I’m actually having trouble imagining how the good doctors convinced GSK to co-fund this large study.  Surely, everyone involved must have imagined how even a spectacular reduction in incident diabetes would be received by the academic medical community, regulators and third-party payers. 

Well…the results were spectacular.  Rosiglitazone clearly and convincingly reduced the rate of incident diabetes by nearly two-thirds in high-risk patients, compared with lifestyle instruction alone.  So, how were they received?  In short, the study results are not going to win over any skeptics.  Here’s the party line from Jaakko Tuomilehto and Nicholas Wareham, from the  Department of Public Health, University of Helsinki and MRC Epidemiology Unit, Elsie Widdowson Laboratory, Cambridge, respectively.  The U.S. concensus is unlikely to differ very much.

Overall, despite the impressive risk reduction for progression to diabetes, the lack of data on long-term benefits and side-effects, and the high cost of therapy, mean that health-care funders are unlikely to see rosiglitazone as an appropriate agent for individuals with impaired glucose regulation but low absolute cardiovascular risk. Unfortunately, the greater benefits in higher risk individuals would have to be balanced against the likely increased risk of heart failure.

Surely, the above sentiments are no surprise to the investigators.  Surely, they are of no surprise to GSK

You might reasonably wonder why, then, this study was conducted, given that the “success” of rosiglitazone was unlikely to alter treatment practices, even if the “benefits” of therapy, as evidenced by the primary endpoint of incident diabetes (and death), was clear and convincing. 
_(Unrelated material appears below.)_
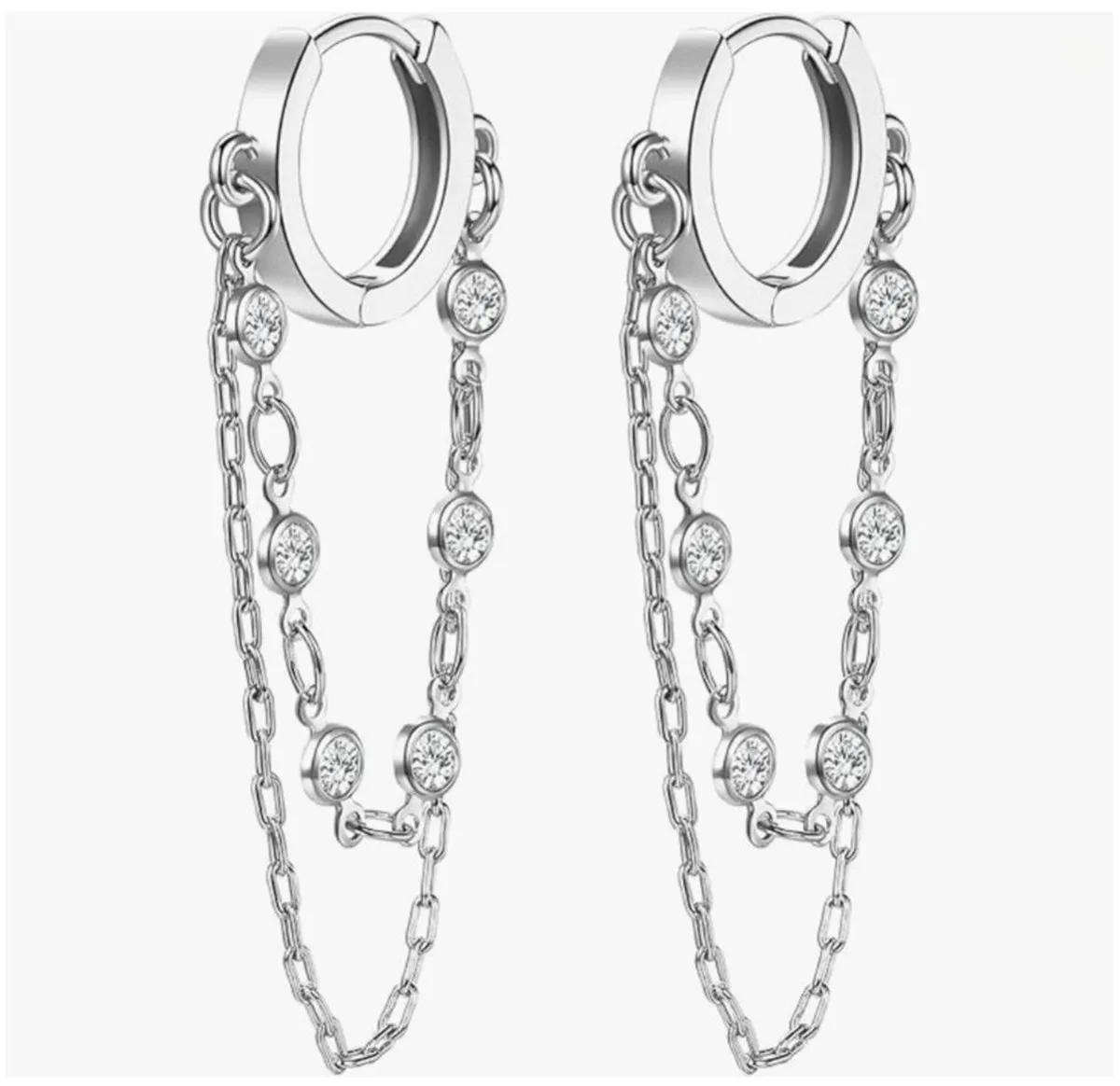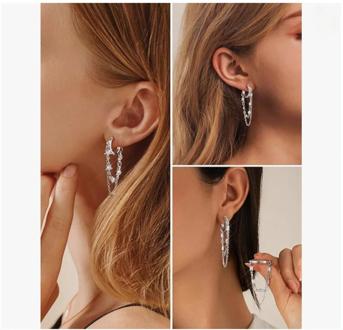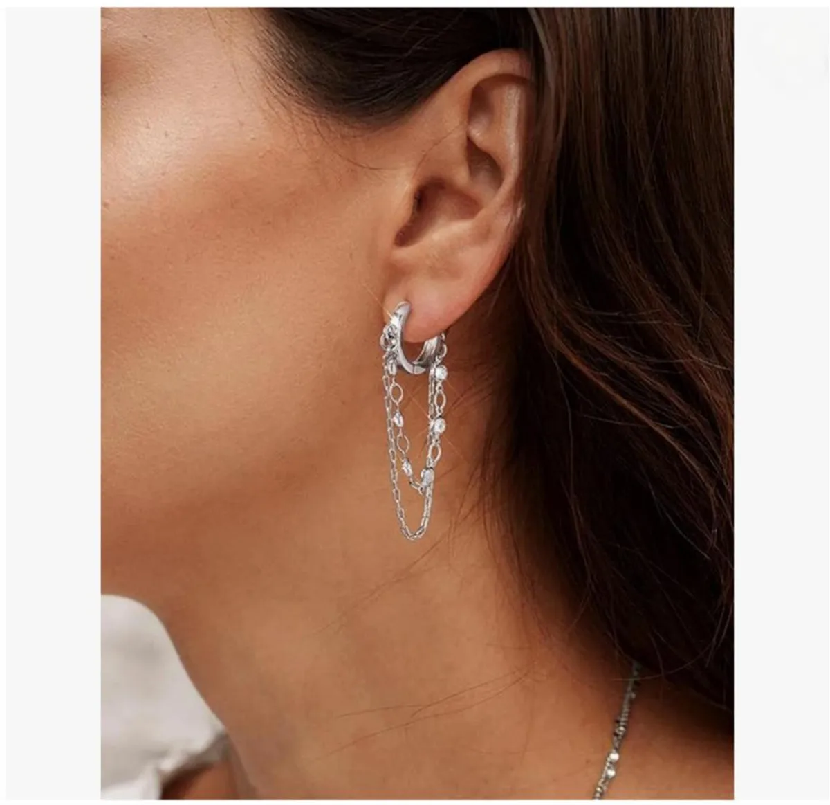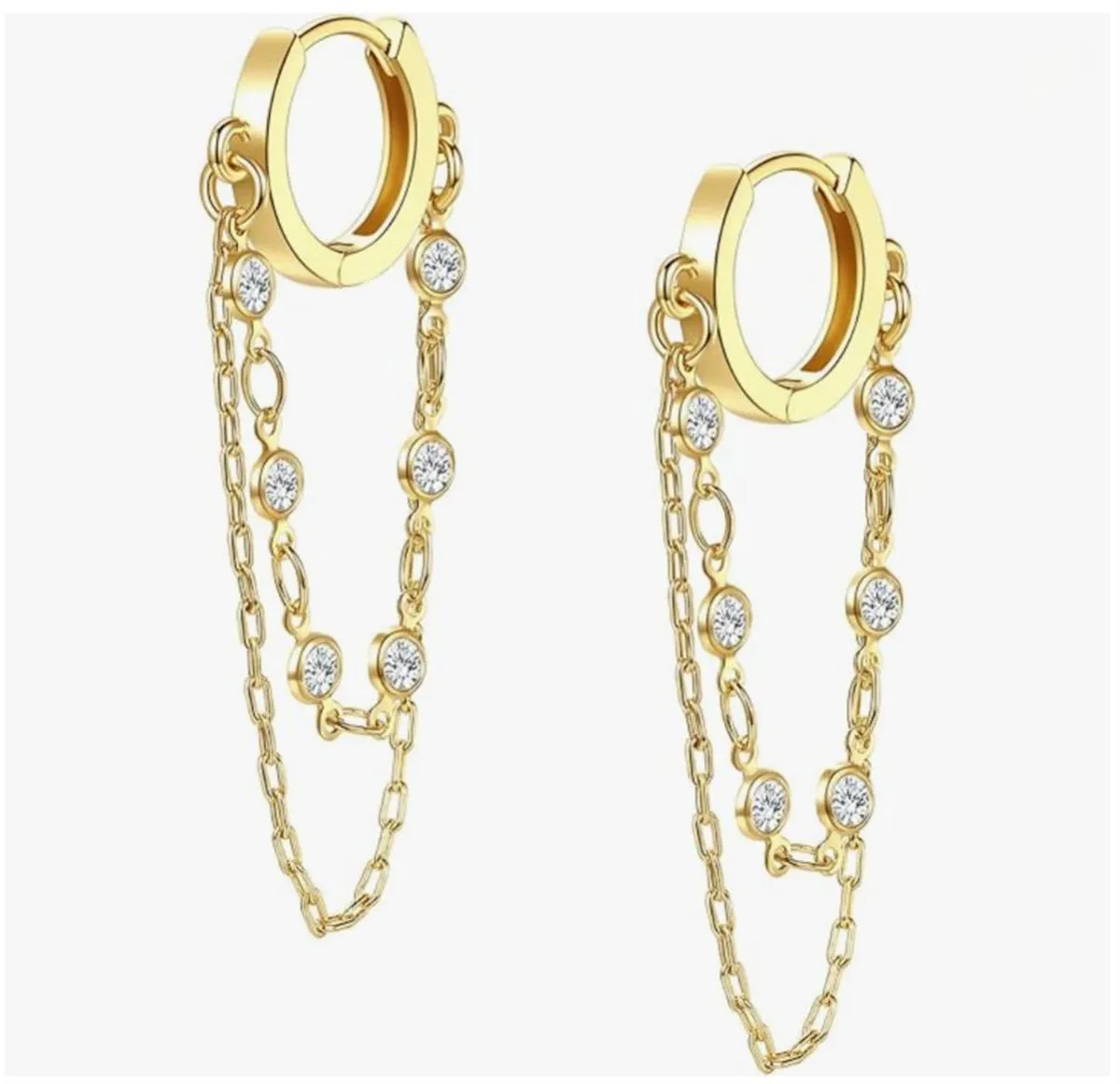Lab grown diamond Tassel Chain Small Gold Hoop Dangle Earring For Women Huggie Earring bubble 14K Gold Fashion Jewelry Friendshi

Well, I for one am interested in the effects of TZDs on beta cell function and would like to see whether long-term treatment in this population can delay or prevent microvascular complications and progression of atherosclerosis.  These questions might be addressed by additional analyses and further study during the next phase of the DREAM trial.  In particular, we’re likely to get a good sense of the effects of rosi on atherosclerotic plaque progression, thanks to a subset of subjects who had annual carotid ultrasonography.  I’m less sanguine about the ability of the study to answer these other important questions.

Preventing diabetes with anything but lifestyle intervention is going to be a tough sell for any company that attempts it.  An ideal preventive would dramatically reduce the risk of developing not just progression of dysglycemia but also the vascular complications related to such progression.  Short of this demonstration, which might be too much to ask of any single drug-development program, a drug therapy would have to reduce the risk of developing diabetes to an extent greater than that achievable by intensive lifestyle modification alone (i.e. by more than 50-60% compared with routine lifestyle instruction), with evidence of superior adherence to therapy and minimally increased risk helping to make the case.  Perhaps these hurdles are more than any single drug can deliver.  Or perhaps not.

If the theory that diabetes progresses via gradual impairment of beta cells is correct, it is arguably realistic to think that a drug with prescriber-friendly characteristics is within our sights.  Perhaps long-acting exenatide or the emerging DPP-IV inhibitors will be the first such drugs.  We won’t know until the studies are done.  Can you imagine how those studies will be pitched?